▸ YOUR GOAL
Nothing but the lines from the one with "Chaleco con textura" through the end of the listing should be reproduced, each exactly and with pictures omitted.

***

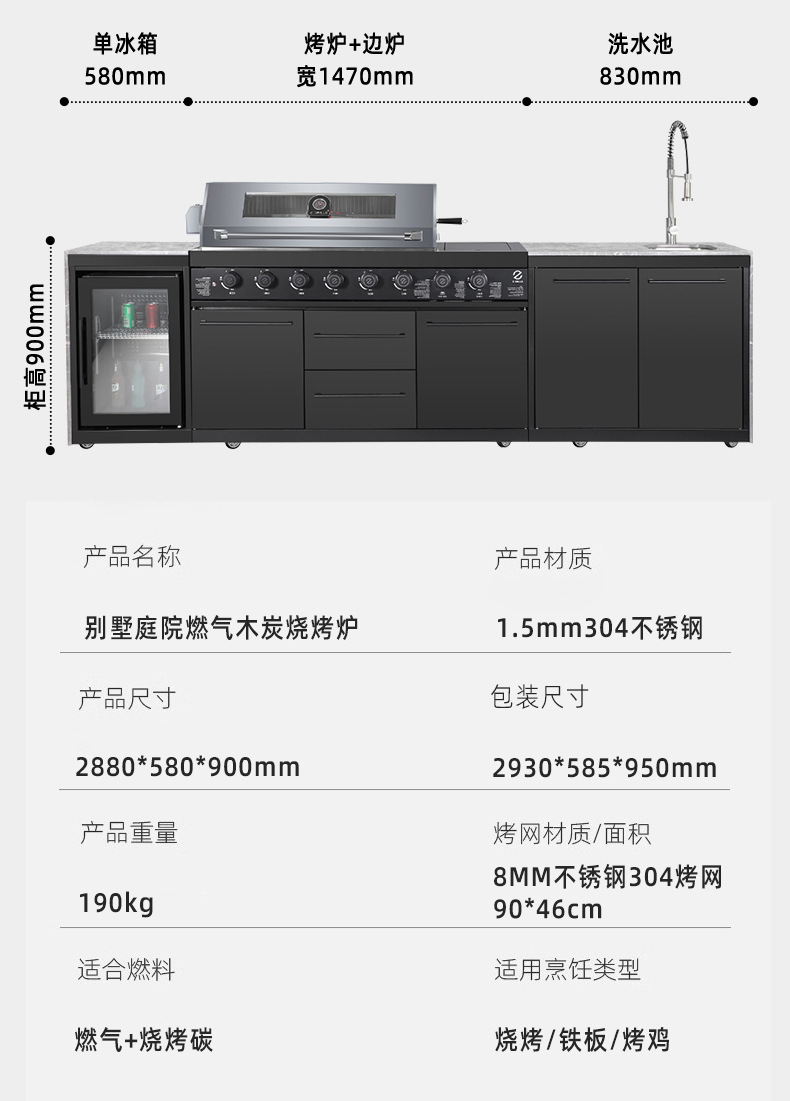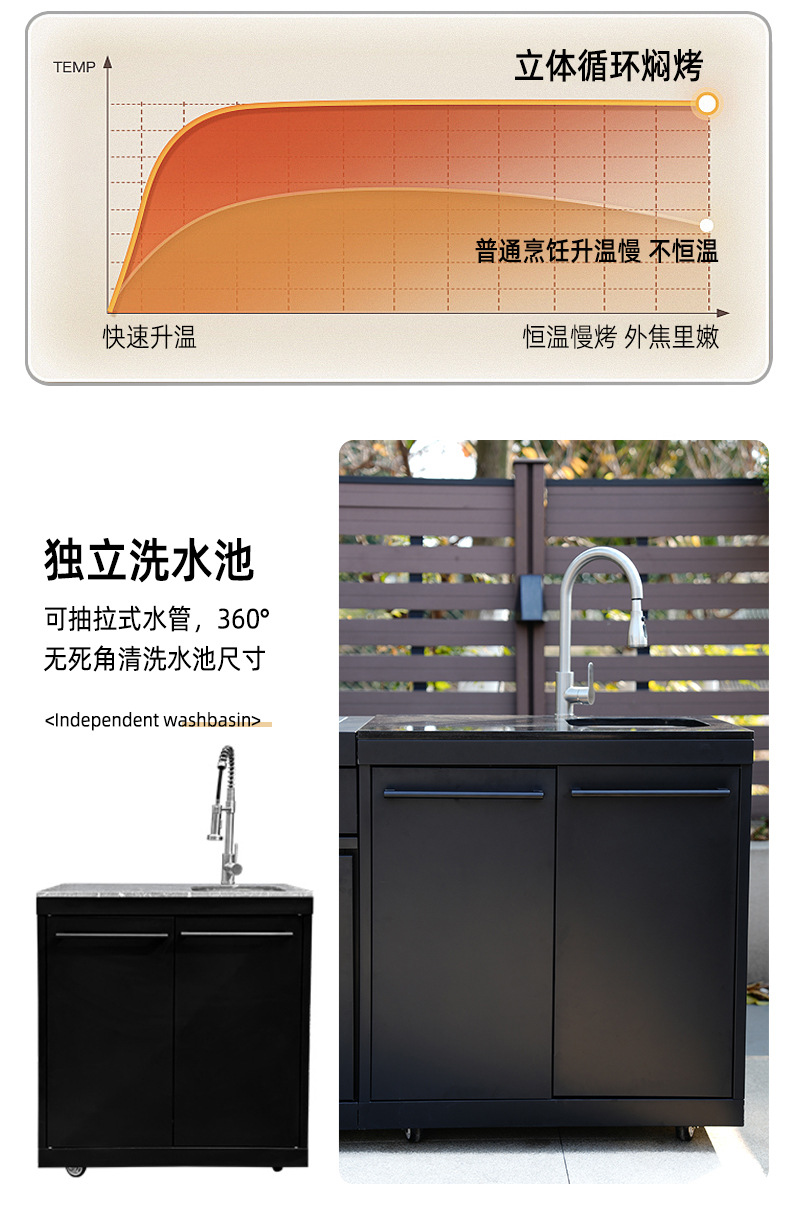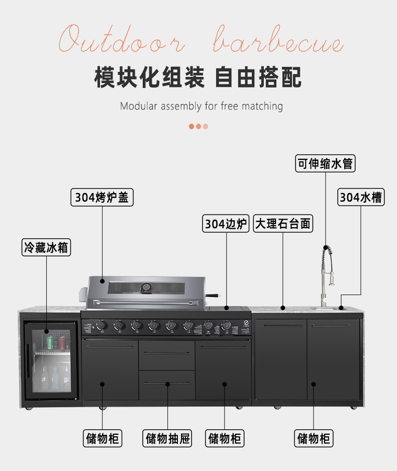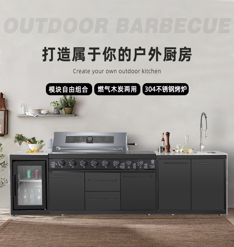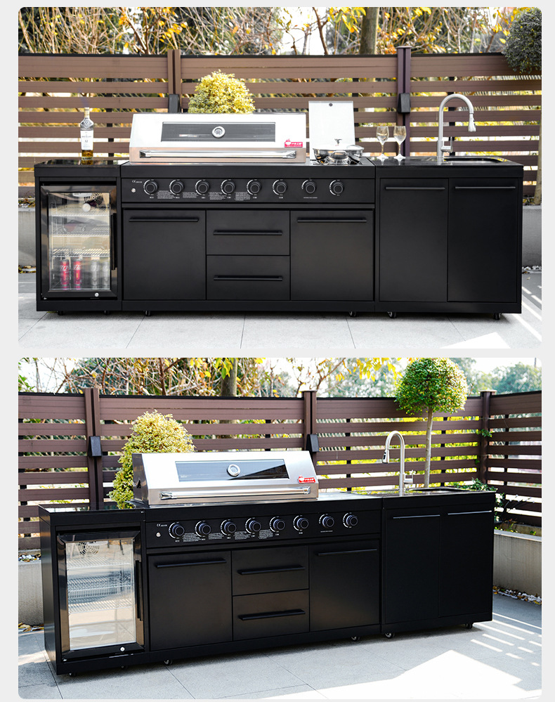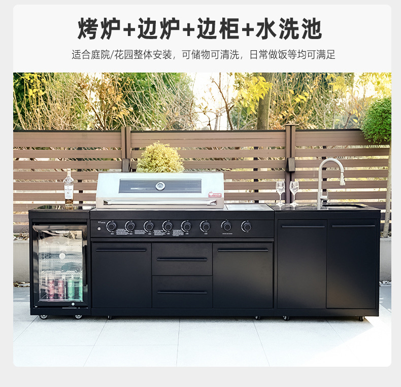 Jardín patio americano BBQ horno de parrilla de cocina al aire libre módulo de combinación de parrilla horno multifuncional gabinete de fregadero
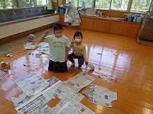 小学1年生の図工の時間、画用紙などの紙を折って、自分の考えた建物を作っていました。作ったものをうまく建てるために、紙の折り曲げ方を工夫していました。
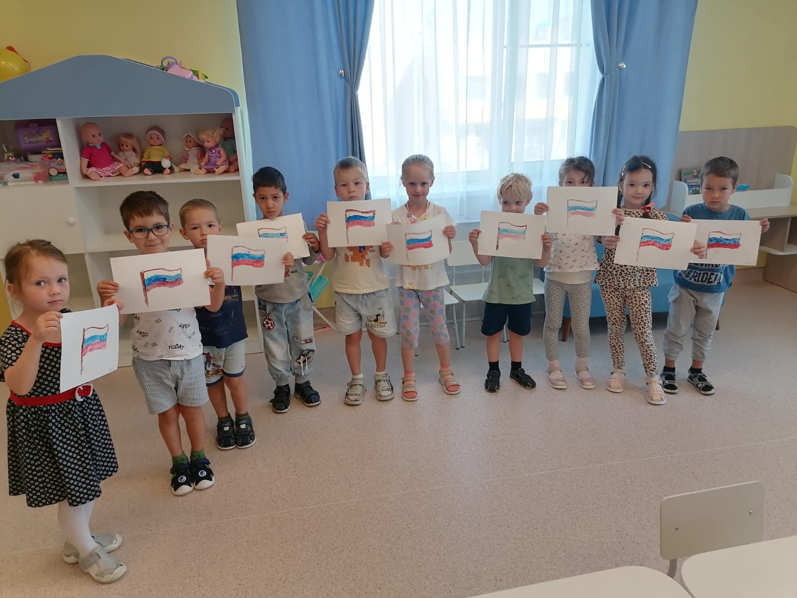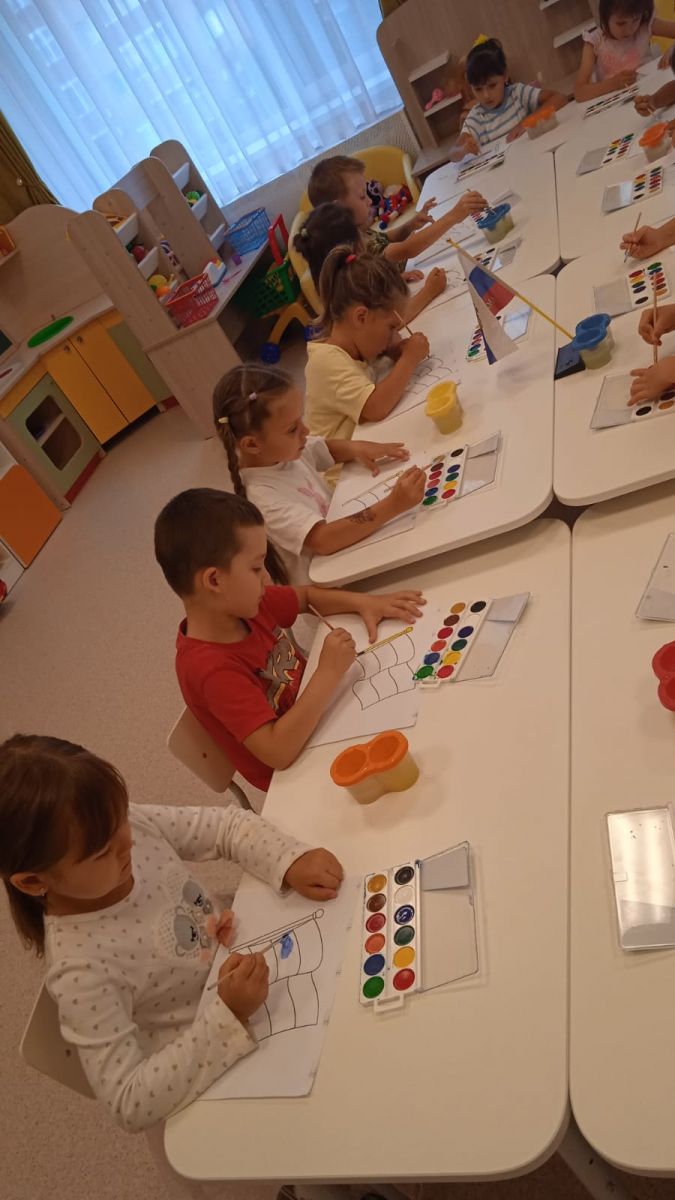 У детей 8 и 10 групп была проведена изобразительная деятельность на тему: "Флаг России"
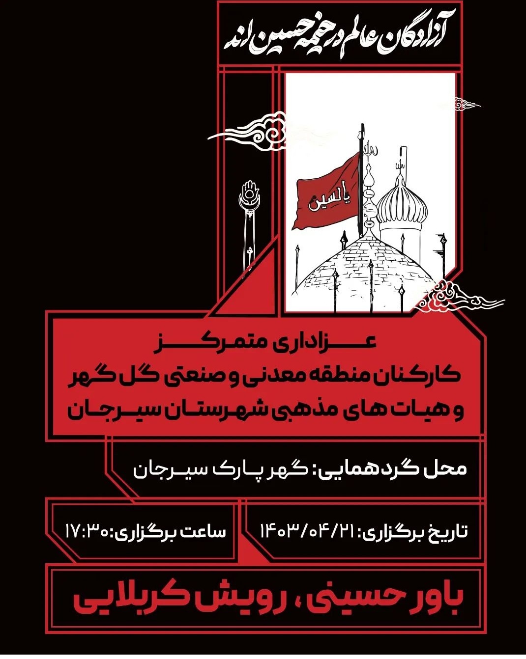 عزاداری متمرکز کارکنان منطقه معدنی و صنعتی گلگهر و هیاتهای مذهبی شهرستان سیرجان شناسه خبر: 19149 تاریخ و زمان ارسال: 20 خرداد 1403 ساعت 8:23 باور حسینی، رویش کربلایی
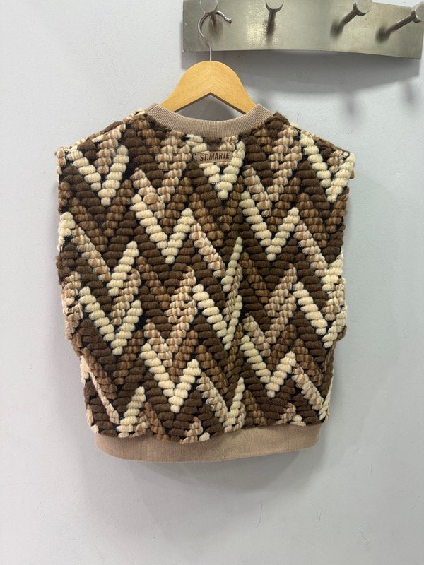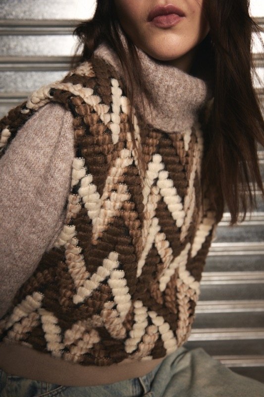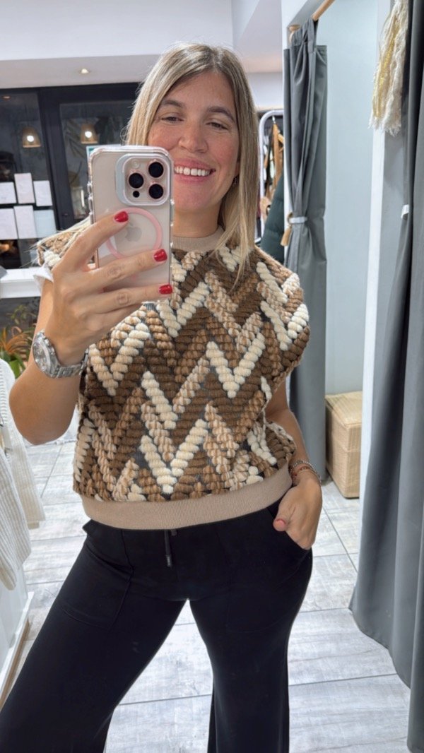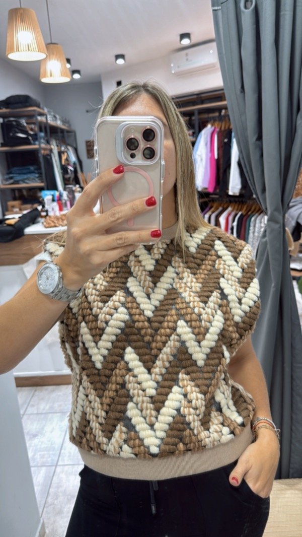Chaleco con textura simil punto lana cuello a la base y badana de PU en espalda
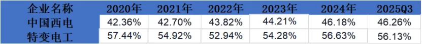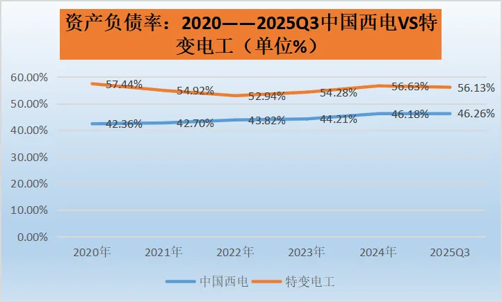 趋势变化方面中国西电呈缓慢上升趋势:2020 - 2024年,中国西电的资产负债率从42.36%逐步上升至46.18%,2025年第三季度为46.26%,基本保持稳定且略有上升。这可能意味着公司在逐步扩大业务规模的过程中,适度增加了负债融资,但整体资产负债率仍处于相对合理且稳健的水平,财务风险相对可控。
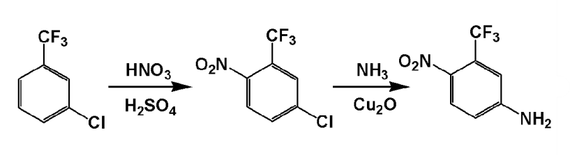 5-氨基-2-硝基三氟是一种有机中间体,可由间氯三氟通过两步制备得到。有文献报道可用于制备医药及光波导材料中间体4-溴-2-硝基三氟和非甾体类抗雄激素药物氟他胺。

***

▸ FINISHED TASK
Chaleco con textura simil punto lana cuello a la base y badana de PU en espalda
 趋势变化方面中国西电呈缓慢上升趋势:2020 - 2024年,中国西电的资产负债率从42.36%逐步上升至46.18%,2025年第三季度为46.26%,基本保持稳定且略有上升。这可能意味着公司在逐步扩大业务规模的过程中,适度增加了负债融资,但整体资产负债率仍处于相对合理且稳健的水平,财务风险相对可控。
 5-氨基-2-硝基三氟是一种有机中间体,可由间氯三氟通过两步制备得到。有文献报道可用于制备医药及光波导材料中间体4-溴-2-硝基三氟和非甾体类抗雄激素药物氟他胺。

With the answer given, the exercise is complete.